What is expected:
The data must be reproduced verbatim; images are to be omitted.

Recorded data:
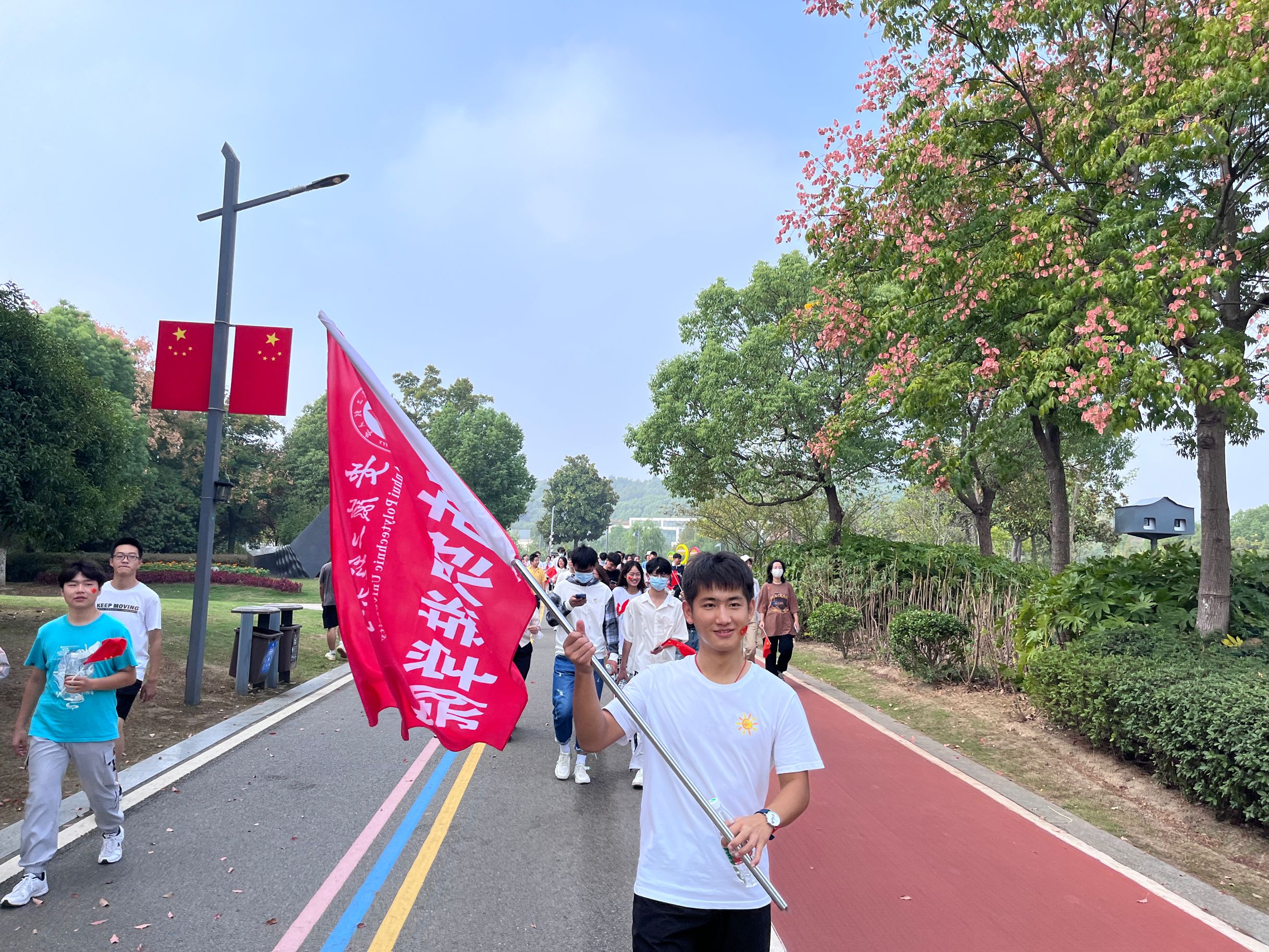在学院党委、团委相关老师的带领下,同学们手握国旗,齐聚雕塑公园南门。随着一声“出发”号令,大家从南门出发沿着公园标志性建筑一路打卡回到终点。一路上,同学们欢声笑语,相互鼓励,徒步过程中无人掉队、乱丢垃圾等现象,充分展现了大学生斗志昂扬、奋发有为、蓬勃向上的良好精神风貌。活动结束后,同学们有序回到学校,按规定归还活动相关物品。
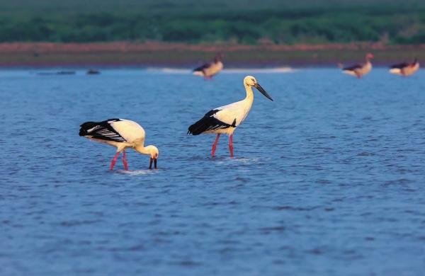 1月3日,岳陽(yáng)市君山區(qū)廣興洲鎮(zhèn),國(guó)家一級(jí)保護(hù)動(dòng)物東方白鸛在水中覓食。東方白鸛全球數(shù)量約9000只。
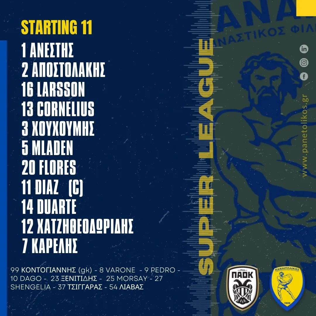Δείτε την ενδεκάδα του Παναιτωλικού:
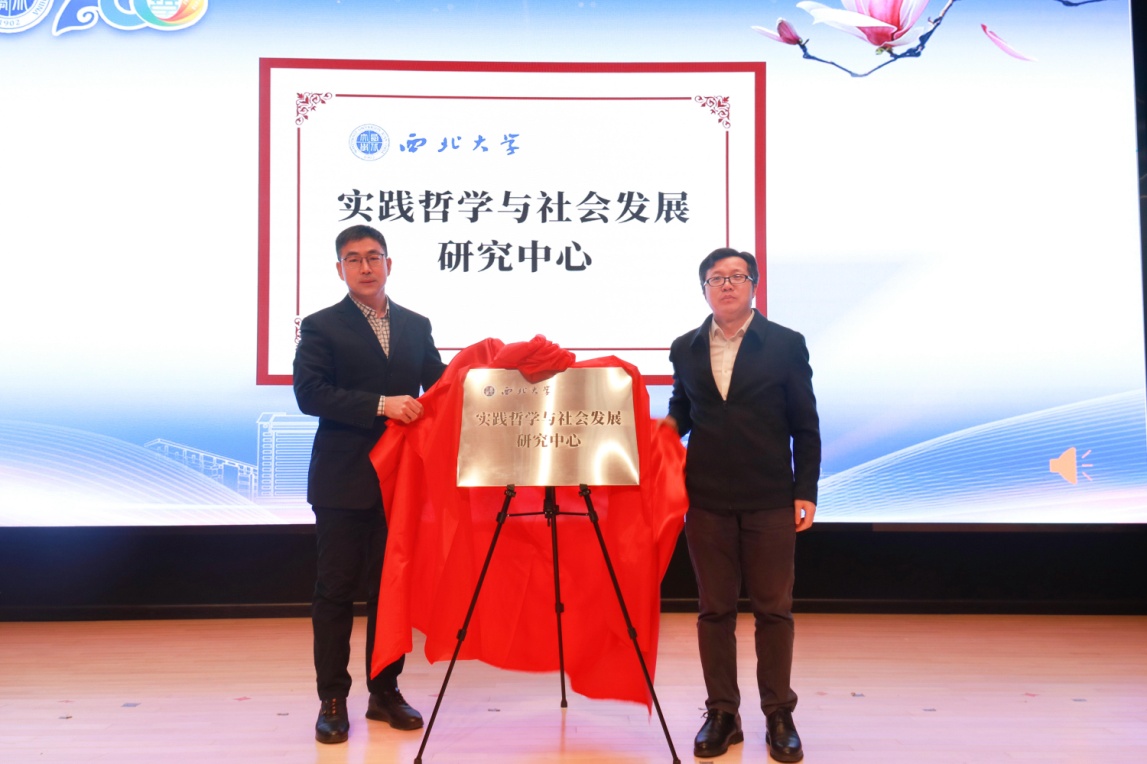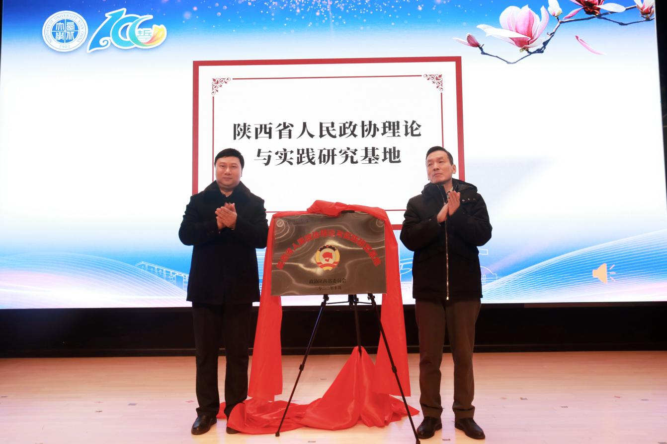 在庆祝大会上,赖绍聪和与会嘉宾共同为“陕西省人民政协理论与实践研究基地”“Beat365正版唯一官网必一实践哲学与社会发展研究中心”“Beat365正版唯一官网必一东西方哲学研究所”“Beat365正版唯一官网必一外国哲学研究中心”揭牌。
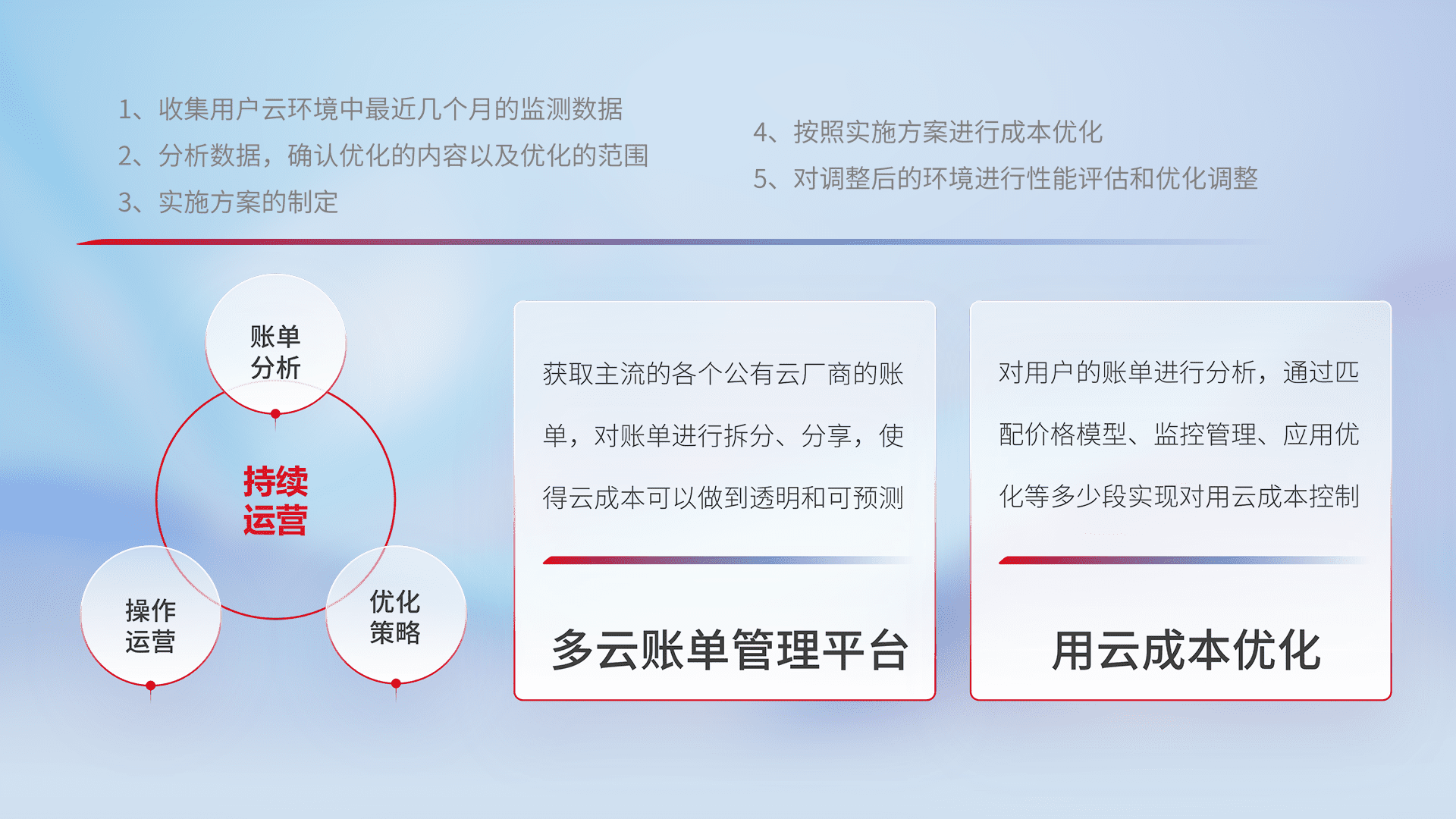 通过多云纳管,,以统一的资源数据模型把客户的云资源进行抽象和封装,,,进而实现对多云资源的统一操作,,保障云资源管理的可靠性、、、、稳定性与可用性。。量身定制化运维内容,,,,配置、、、开发运维、、、、补丁管理、、、备份、、、、监控、、认证和访问管理、、、审计和日常巡检等,,,保障在用云过程中的可靠度,,,,稳定度以及高可用率。。。。
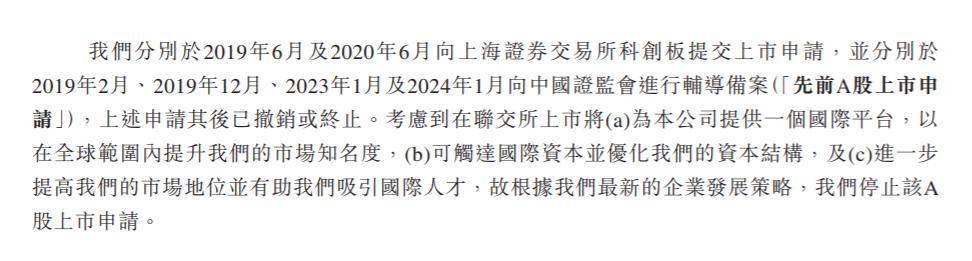 值得注意的是,公司分别于2019年6月及2020年6月向上交所科创板提交上市申请,并分别于2019年2月、2019年12月、2023年1月及2024年1月向中国证监会进行辅导备案,上述申请其后已撤销或终止。
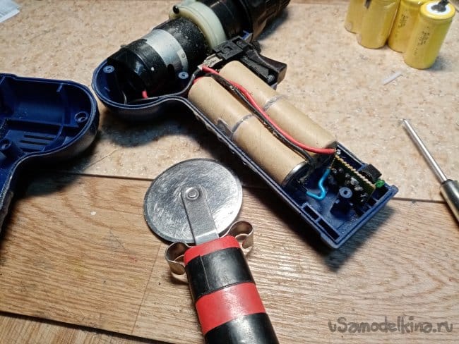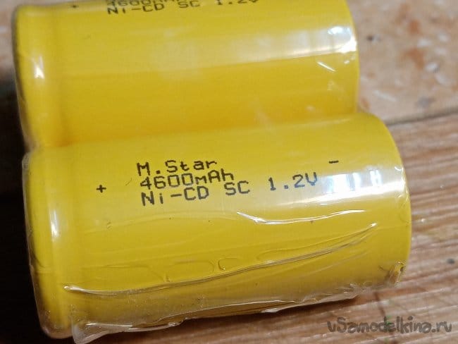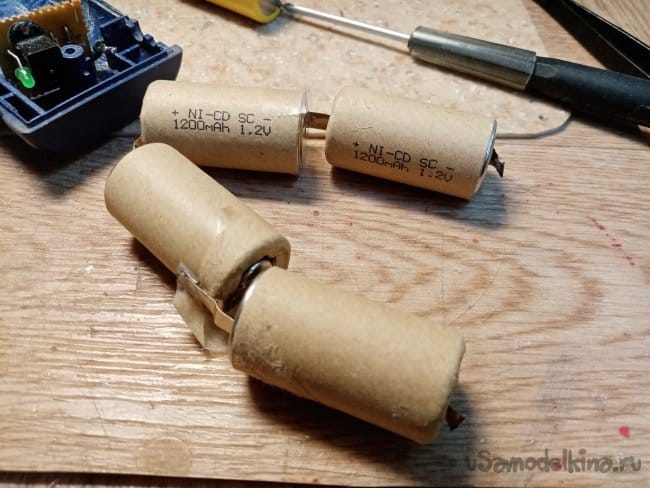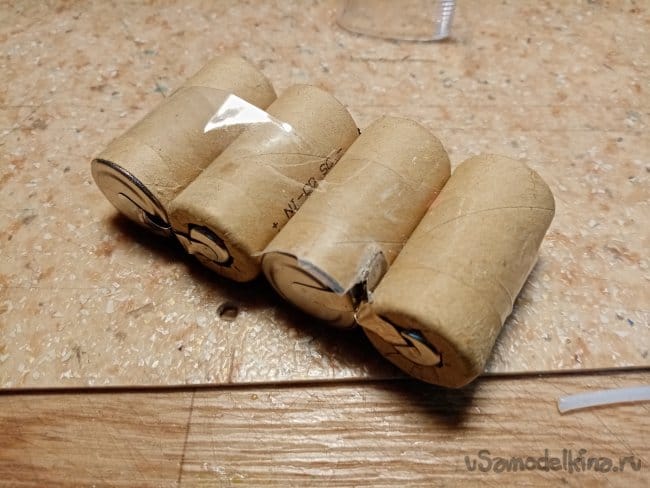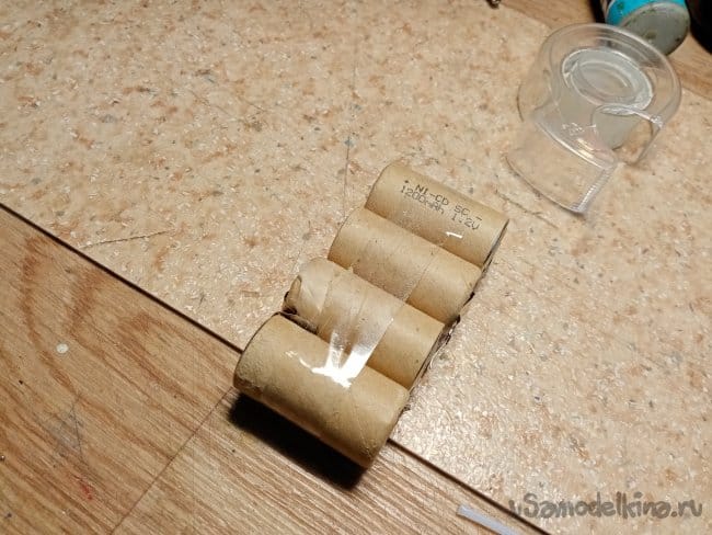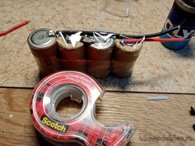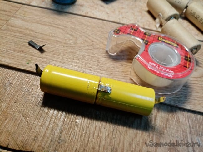 Весь процесс занял немного времени, раз. два, три пайки и готово. Соединяю аккумуляторы вместе при помощи скотча. Торчащие контакты изолировать насмерть не нужно, корпус из пластика. Пару оборотов скотча вполне достаточно.

Result for this exercise:
在学院党委、团委相关老师的带领下,同学们手握国旗,齐聚雕塑公园南门。随着一声“出发”号令,大家从南门出发沿着公园标志性建筑一路打卡回到终点。一路上,同学们欢声笑语,相互鼓励,徒步过程中无人掉队、乱丢垃圾等现象,充分展现了大学生斗志昂扬、奋发有为、蓬勃向上的良好精神风貌。活动结束后,同学们有序回到学校,按规定归还活动相关物品。
 1月3日,岳陽(yáng)市君山區(qū)廣興洲鎮(zhèn),國(guó)家一級(jí)保護(hù)動(dòng)物東方白鸛在水中覓食。東方白鸛全球數(shù)量約9000只。
Δείτε την ενδεκάδα του Παναιτωλικού:
 在庆祝大会上,赖绍聪和与会嘉宾共同为“陕西省人民政协理论与实践研究基地”“Beat365正版唯一官网必一实践哲学与社会发展研究中心”“Beat365正版唯一官网必一东西方哲学研究所”“Beat365正版唯一官网必一外国哲学研究中心”揭牌。
 通过多云纳管,,以统一的资源数据模型把客户的云资源进行抽象和封装,,,进而实现对多云资源的统一操作,,保障云资源管理的可靠性、、、、稳定性与可用性。。量身定制化运维内容,,,,配置、、、开发运维、、、、补丁管理、、、备份、、、、监控、、认证和访问管理、、、审计和日常巡检等,,,保障在用云过程中的可靠度,,,,稳定度以及高可用率。。。。
 值得注意的是,公司分别于2019年6月及2020年6月向上交所科创板提交上市申请,并分别于2019年2月、2019年12月、2023年1月及2024年1月向中国证监会进行辅导备案,上述申请其后已撤销或终止。
 Весь процесс занял немного времени, раз. два, три пайки и готово. Соединяю аккумуляторы вместе при помощи скотча. Торчащие контакты изолировать насмерть не нужно, корпус из пластика. Пару оборотов скотча вполне достаточно.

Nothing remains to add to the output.